In 2015, Chatterjee conceptualized and chaired the 1st India Conference on Innovation, Intellectual Property & Competition, a first of its kind international innovation policy conference in India supported by Qualcomm Inc. & Tata Trusts. This conference witnessed noted scholars on global institutions and innovation presenting their work and thoughts on Innovation in India, including David Teece, Tarun Khanna, Stuart Graham, Lee Branstetter, Kamal Saggi and Zorina Khan among others. In addition industry leaders and policy makers also presented their thoughts. In 2018, this conference reconvened at the Indian School of Business with a key note speech from Mr. Suresh Prabhu, Minister of Commerce & Industry and Civil Aviation, Government of India.
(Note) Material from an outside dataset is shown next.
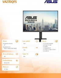 ASUS VA27DQFS kombinerer rent design og praktiske funktioner til det moderne kontor og hjemmekontor. Med 27" diagonal og IPS-teknologi får du et skarpt billede med ensartet farvegengivelse og brede betragtningsvinkler, mens opdateringsfrekvensen på 100 Hz giver mere flydende scrolling, bedre læsbarhed og en behagelig videooplevelse.

Chatterjee was the co-chair in the 2018 version with prominent international scholars in innovation policy and the global economy presenting their work.
Chatterjee's deep passion about Indian healthcare markets and for democratizing education has also resulted in the first ever MOOC on healthcare markets in India in 2016 available through edX. He has also been a visiting faculty member at IIM Visakhapatnam. He enjoys regularly contributing policy and managerial Op-Eds at outlets like Vox-EU, The Hill, Livemint, Economic Times, Times of India, India Abroad, DNA India, & Hindustan Times. During his spare time, Chatterjee is occupied with his family and 5 year old son while dabbling willy-nilly in experimental cooking at their home kitchen.